Below are records; the lines starting at the one with "ブログランキングに参加しています にほんブログ村人気ブログランキング 応援していただけると飼い主とインコちゃんの励みになります!" and ending at the one with "4月13日,大连英博队球员王选宏(右二)射门得分。新华社记者 潘昱龙 摄" must be reproduced exactly, both included. Pictures must not appear.

:: Stored entries ::
____________

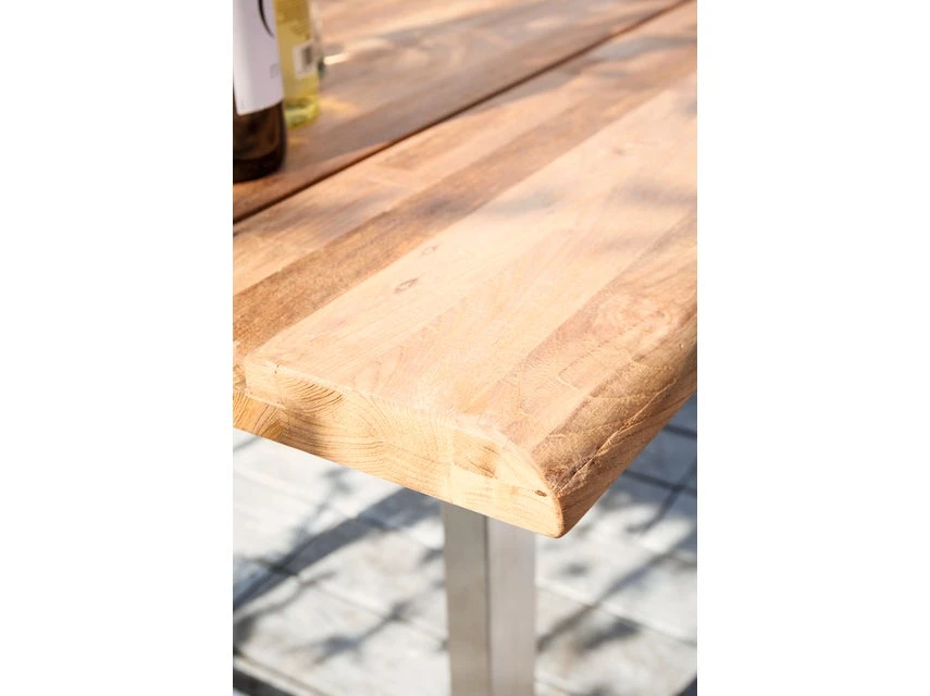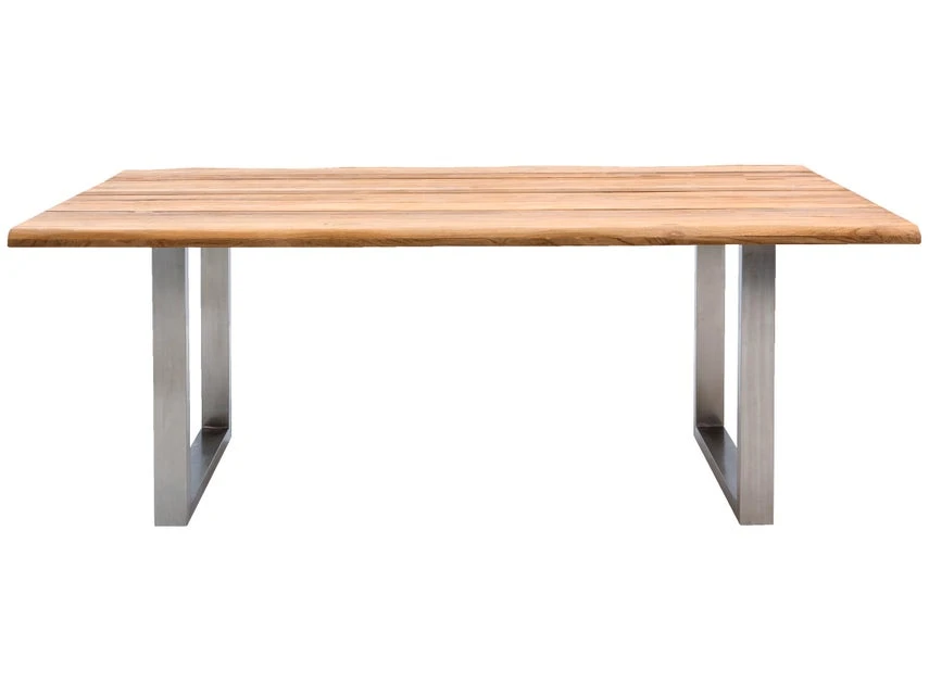 Individuelle Holzmaserung und die natürliche Kante der Tischplatte aus Teakholz verleihen dem Gartentisch Green Bay eine rustikale, wohnliche Optik. Dazu schafft das Kufengestell aus silberfarben glänzendem Edelstahl einen modernen Stilbruch. Diese Kombination zieht die Blicke auf sich und lädt ein Platz zu nehmen um entspannte Stunden im Garten zu verbringen.
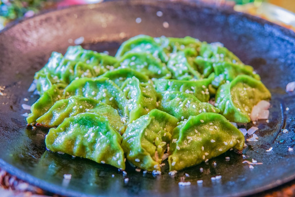 这个饺子的颜色上面是绿色的,下面是焦黄的,让人看得垂涎三尺啊,特别是撒上的白芝麻,真的是画龙点睛增加了香味。
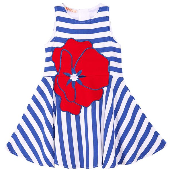 Girl dress made of striped woven fabric. Has a big poppy applique on., Material F1: 100% Viscose, F2: 100% Cotton, Washing ins. Machine wash at 30°C. Wash inside out. Do not bleach. Do not tumble dry. Iron backside on low heat.
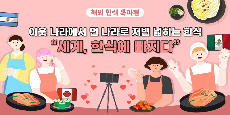 한류의 시작은 가까운 아시아 시장이었다. 아시아 시장에서 K팝과 드라마의 인기로 시작한 한류는 점점 한국 음식으로, 그리고 문화로 빠르게 확대됐다. 이제는 일시적인 트렌드가 아닌 하나의 문화로 자리잡은 한류는 인근 국가들부터 대륙을 건너 아르헨티나, 멕시코, 쿠웨이트와 같은 나라들에까지 영향력을 미치고 있다. '4차 한류 열풍'이라는 말이 나올 정도로 이웃 나라에서 먼 나라로 그 저변을 넓히고 있는 한식 이야기를 살펴보자.
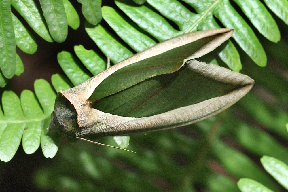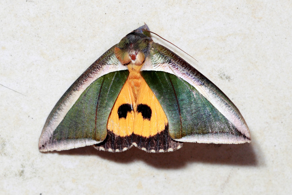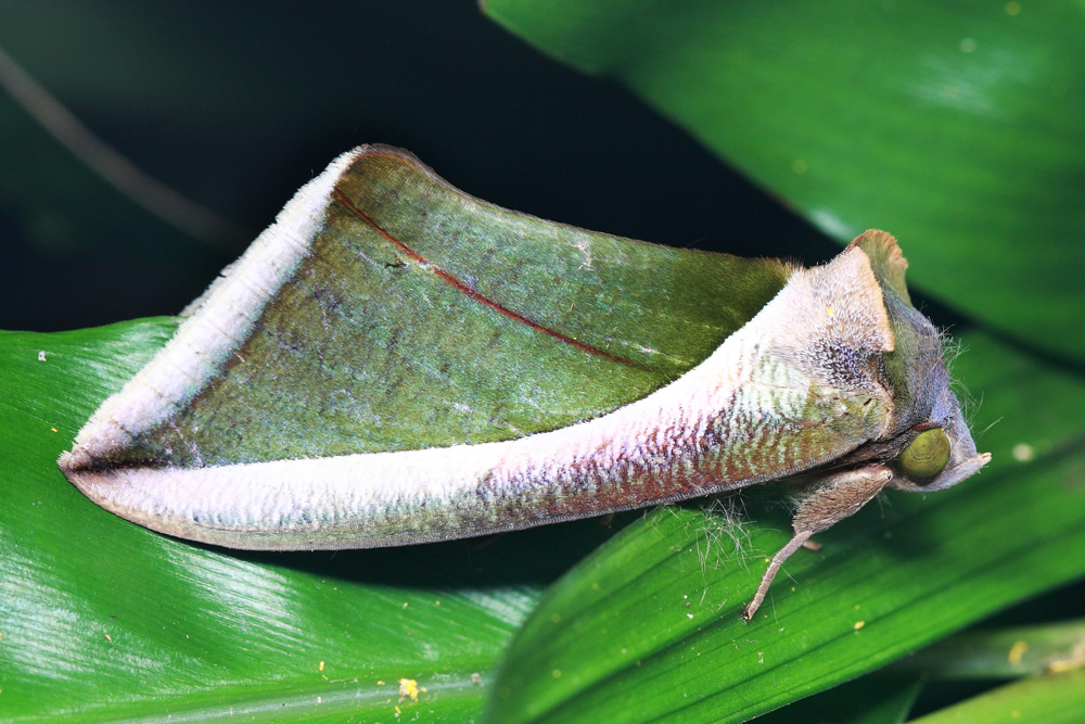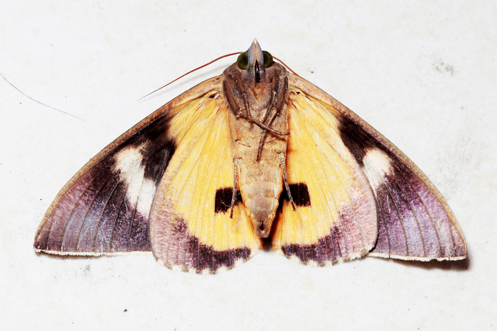 我们不得不敬佩自然选择的精妙,也感叹原来虫子也这么“卷”!想想连虫子都这么卷,你还有什么可抱怨的!当艳叶夜蛾展翅后,就像一只平常的蛾子,但后翅上两只黑色眼点还是真能吓跑不少觊觎者。艳叶夜蛾的喙像只钢针,端部坚硬锐利,且有倒刺,能直接刺穿果皮吸食果实汁液,它的成虫的确是靠吸食果实汁液为生的,这对果农来说可不是个好消息。
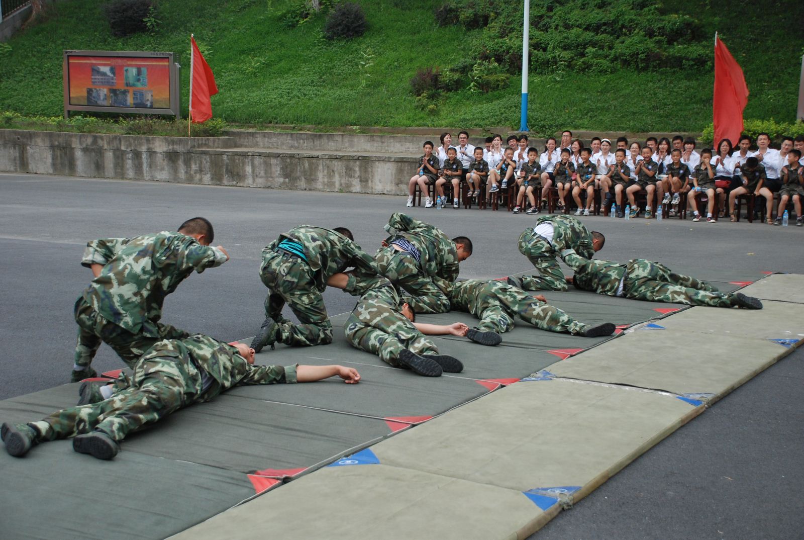 警卫连官兵献上了精彩的擒拿格斗等连场军事训练表演,坐在第一排的童子军们看得尤为认真。当发现他们熟悉的面孔时,孩子们纷纷指向场上,骄傲地叫道:“那是我教官!”原来,警卫连中有不少战士都曾经担任过童子军军训时期的教官,是孩子们接受国防教育的最早的老师。
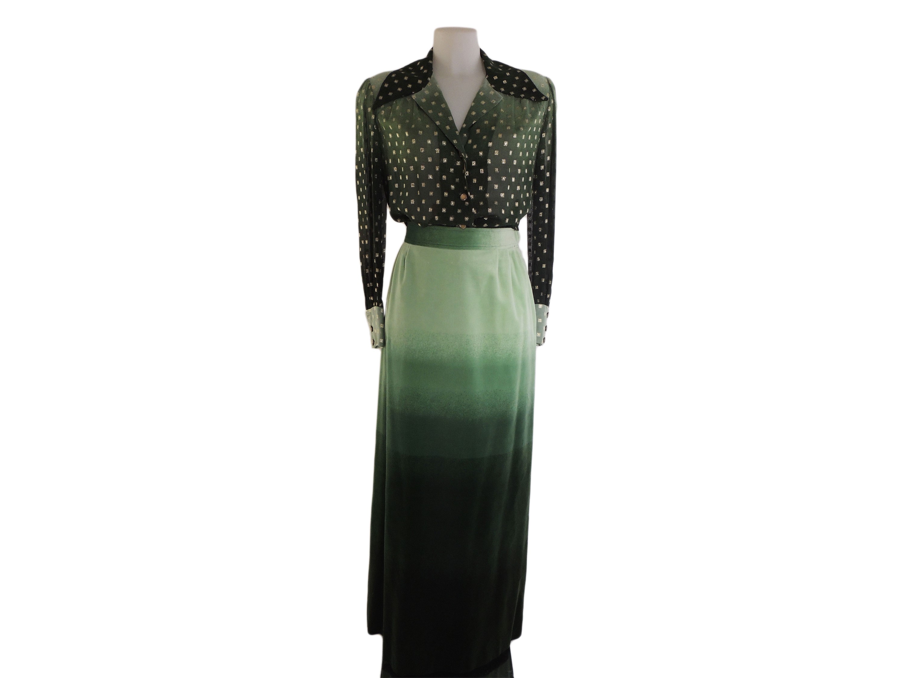 composto da un abito lungo in velluto verde, uno in velluto marrone, una camicia, ed una gonna in velluto verde sfumata, lievi difetti
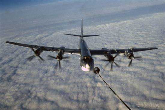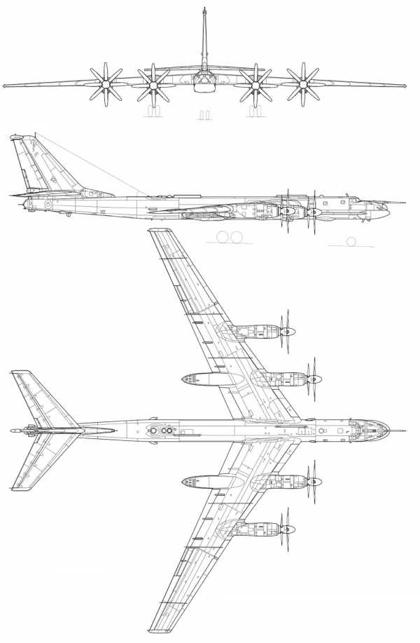 Ту-95 (проект «95», изделие «В», по кодификации НАТО: Bear — «Медведь») — советский и российский турбовинтовой стратегический бомбардировщик-ракетоносец, самый скоростной в мире самолёт с винтовыми двигателями[5] До настоящего времени единственный в мире серийный бомбардировщик и ракетоносец с турбовинтовыми двигателями. Являлся советским символом обеспечения военно-стратегического паритета[6] в холодной войне. Остается на службе как носитель крылатых ракет, в том числе самых совершенных как Х-101, благодаря более низкому расходу топлива чем у реактивных самолетов, а главное большей скрытностью от спутников SBIRS способных по выхлопу наблюдать крупные стратегические бомбардировщики на реактивных двигателях. National Interest отмечает, что довольно наивно считать Ту-95 устаревшим оружием, т.к. фактически от самолета ничего не требуется кроме как летать на большую дальность, а реальным оружием являются новейшие крылатые стелз-ракеты как X-101, которые при дальности 5500 км позволяют Ту-95 безнаказанно атаковать цели за пределами радиусов действия систем ПВО, а практическое применение Ту-95 в Сирии доказало, что самолет не является абстрактным средством ядерного сдерживания, а может практически использоваться в современных локальных войнах.[7]
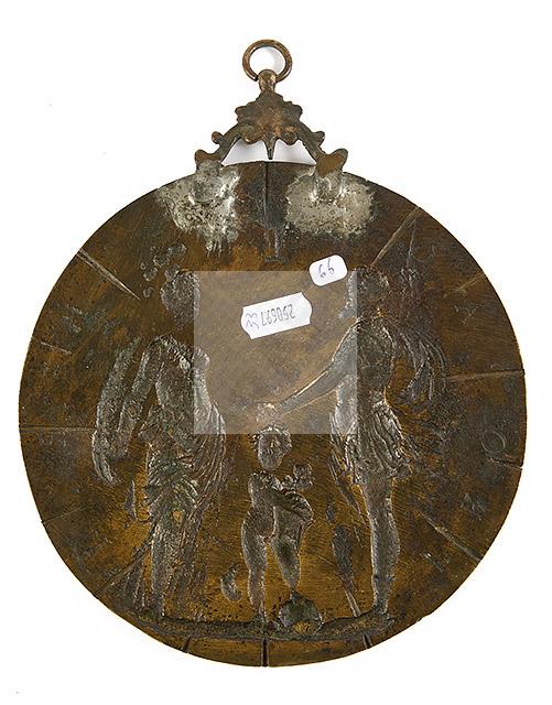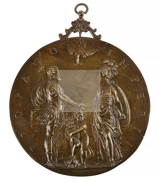 169 Grand médaillon en bronze figurant Henri IV, représenté en Mars, en armure romaine, une épée à la ceinture et un bâton dans la main gauche, serre la main de Marie de Medicis. La Reine est figurée en Minerve, un bouclier sur le bras gauche et l’égide autour du cou. Un aigle porte une couronne au-dessus du Dauphin, qui a posé le pied droit sur la tête d’un dauphin et tient le casque de son père sur son genou. Un bouclier et une pique gisent au sol derrière lui.
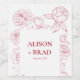 Red Peony Line Drawing Wedding Invitation, Details Wine Label
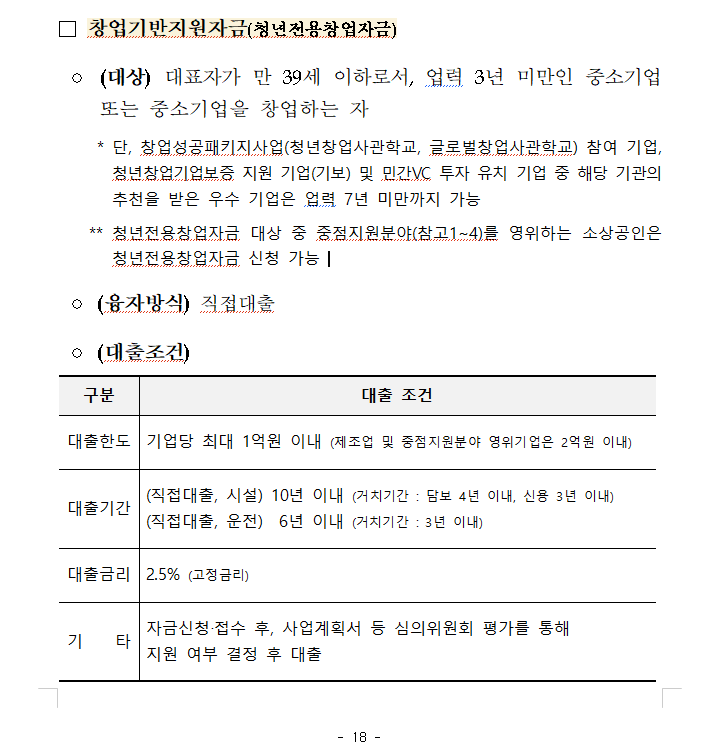 · 대상: 대표자가 만 39세 이하로서, 업력 3년 미만인 중소기업 또는 중소기업을 창업하는 자
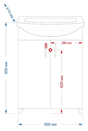 - тумба под раковину: 2 распашные дверцы, 2 металлические ручки, крепления и опорные ножки
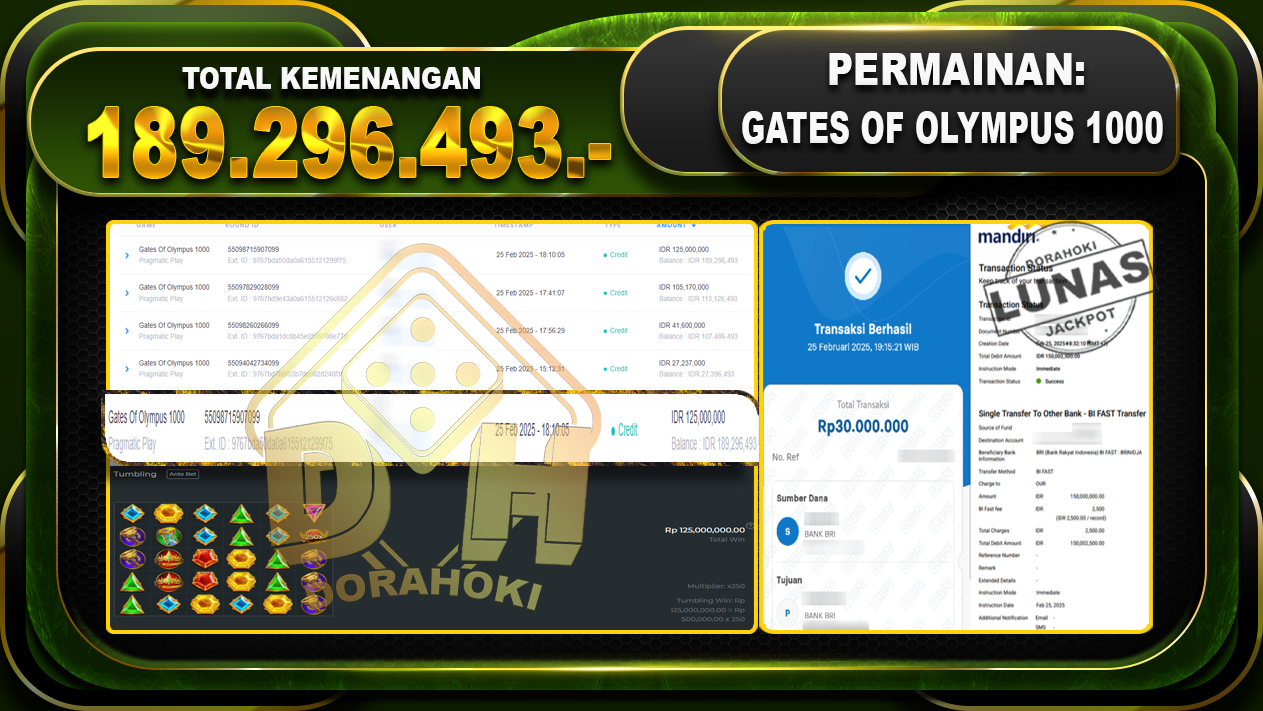 Bukti JP GATES OF OLYMPUS 1000 – ucapkan selamat kepada user id PRIxxx atas kemenangan di GATES OF OLYMPUS 1000 dengan total kemenangan Rp.189.296.493,- . Yang pasti nya langsung LUNAS sesuai bukti ya bosku. Dorahoki nih bosku berapapun akan tetap kami bayar lunas ya bosku.
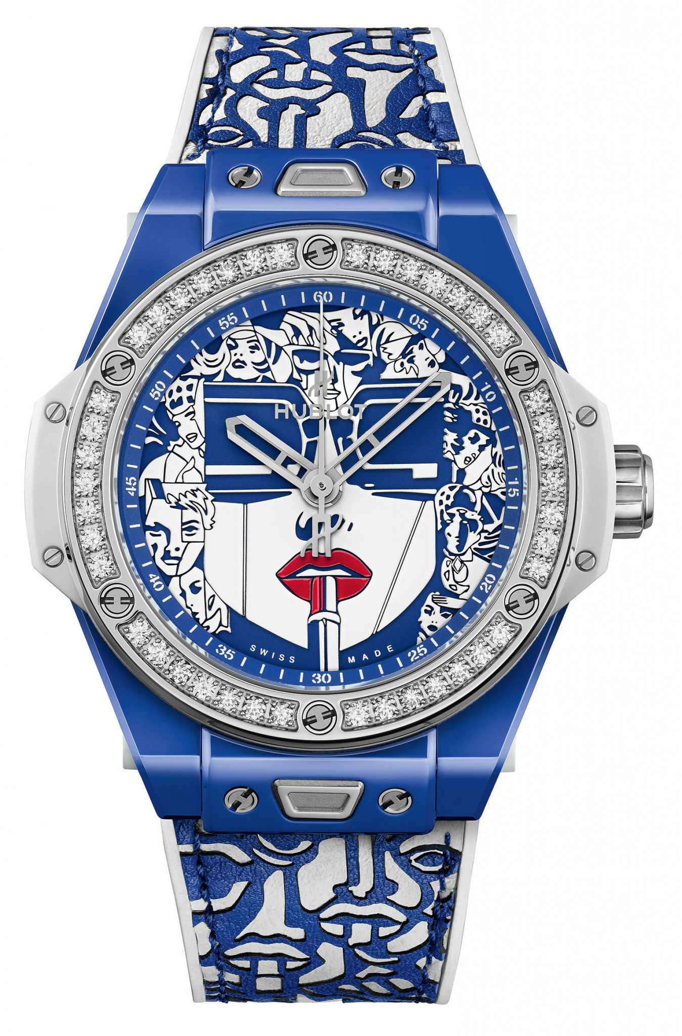 Коллекционировать можно не только картины, марки, редкие издания и проч. Мы фанаты часов Hublot и всегда рады их новым релизам, созданным в сотрудничестве с выдающимися художниками современности. Перед вами — та самая коллекционная вещь и настоящий предмет искусства, который можно носить на запястье! Hublot Big Bang One Click Marc Ferrero Ceramic Blue — часы, созданные в партнерстве с французским художником Марком Ферреро. Лимитированная версия выпущена в количестве всего 25 экземпляров! Надо сказать, что это уже не первая совместная работа художника и Hublot. За основу взята самая известная работа Марка — «Lipstick» («Помада») — настоящая ода многоликости женщины XXI века. Красные губы и большие солнцезащитные очки, волосы, в которых угадываются фрагменты лиц и фигур... Многочисленные лица есть сумма всех жизненных ролей
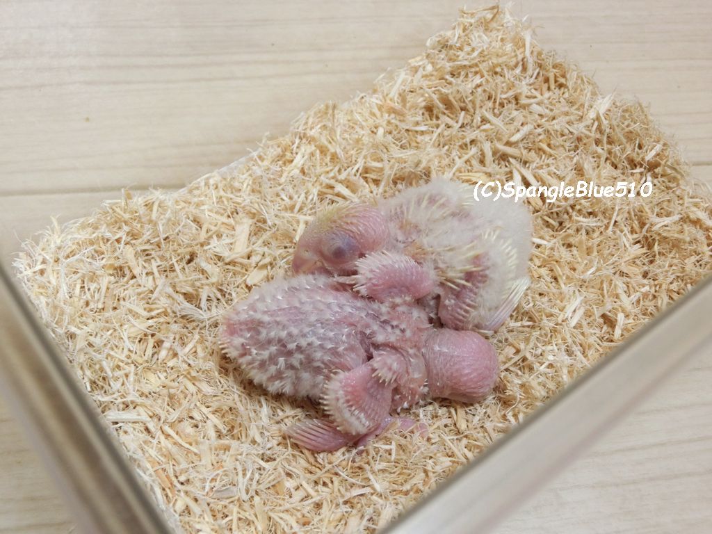 ようやく朝晩が少しひんやりしてきました。でも、日中はまだ暑いですね。秋ヒナが孵っています。■両親:モーヴ/イノ♂ × クリームイノDd ♀両親は餌も副食ももりもり食べてヒナに運びます。【 ヒナ 】鳥種:サザナミインコカラー:コバルトまたはモーヴ性別:不明生年月日:2023年10月3日お名前: 秋1号(仮称)備考:鳥種:サザナミインコカラー:コバルトまたはモーヴ性別:不明生年月日:2023年10月5日お名前: 秋2号(仮称)備考:鳥種:サザナミインコカラー:コバルトまたはモーヴ性別:不明生年月日:2023年10月10日お名前: 秋3号(仮称)備考:この両親からは、クリームイノ、コバルト、モーヴの3色が生まれます。今回、3羽とも黒目ちゃんなので、コバルトかモーヴのどちらかになります。いずれにしても、性別は遺伝的にわかりません。里親募集については検討中です。すくすく元気に育ってほしいです!! CAP!さんで、2025年版365days鳥どりカレンダー販売中! Instagram インスタグラム spangleblue2022ほぼ毎日更新。ブログ未公開の写真や動画も載せています。 ブログランキングに参加しています にほんブログ村人気ブログランキング 応援していただけると飼い主とインコちゃんの励みになります!
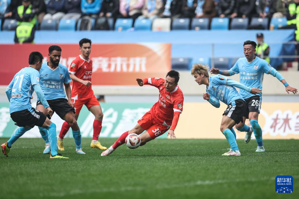 4月13日,大连英博队球员王选宏(右二)射门得分。新华社记者 潘昱龙 摄
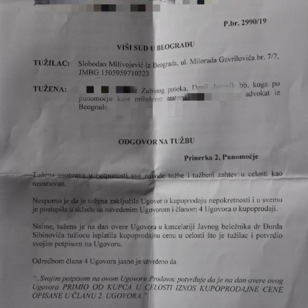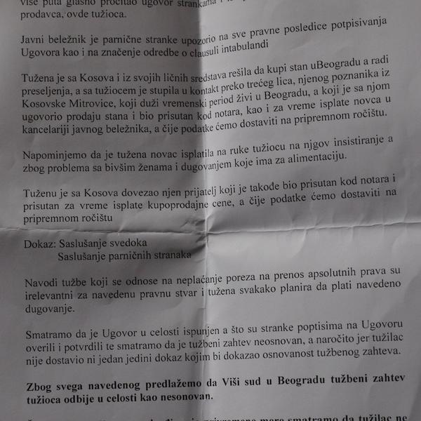 Slobodan nam je rekao da je duže od mesec dana čekao da mu se pare uplate, ali da se to nije dogodilo. Nakon toga je poslao opomenu, a onda je podneo tužbu protiv izvesne gospođe ne bi li došlo do raskidanja ugovora o prodaji stan jer za isti nikada nije uplaćen novac. Gospođa je na tužbu odgovorila preko zastupnika, a gde je osporila sve navode iz tužbenog zahteva, tvrdeći da je isplatila ugovoreni iznos u kancelariji javnog beležnika i to na ruke, a da je Slobodan to potvrdio svojim potpisom na ugovoru.

____________

:: ANSWER TO THIS TASK ::
 ようやく朝晩が少しひんやりしてきました。でも、日中はまだ暑いですね。秋ヒナが孵っています。■両親:モーヴ/イノ♂ × クリームイノDd ♀両親は餌も副食ももりもり食べてヒナに運びます。【 ヒナ 】鳥種:サザナミインコカラー:コバルトまたはモーヴ性別:不明生年月日:2023年10月3日お名前: 秋1号(仮称)備考:鳥種:サザナミインコカラー:コバルトまたはモーヴ性別:不明生年月日:2023年10月5日お名前: 秋2号(仮称)備考:鳥種:サザナミインコカラー:コバルトまたはモーヴ性別:不明生年月日:2023年10月10日お名前: 秋3号(仮称)備考:この両親からは、クリームイノ、コバルト、モーヴの3色が生まれます。今回、3羽とも黒目ちゃんなので、コバルトかモーヴのどちらかになります。いずれにしても、性別は遺伝的にわかりません。里親募集については検討中です。すくすく元気に育ってほしいです!! CAP!さんで、2025年版365days鳥どりカレンダー販売中! Instagram インスタグラム spangleblue2022ほぼ毎日更新。ブログ未公開の写真や動画も載せています。 ブログランキングに参加しています にほんブログ村人気ブログランキング 応援していただけると飼い主とインコちゃんの励みになります!
 4月13日,大连英博队球员王选宏(右二)射门得分。新华社记者 潘昱龙 摄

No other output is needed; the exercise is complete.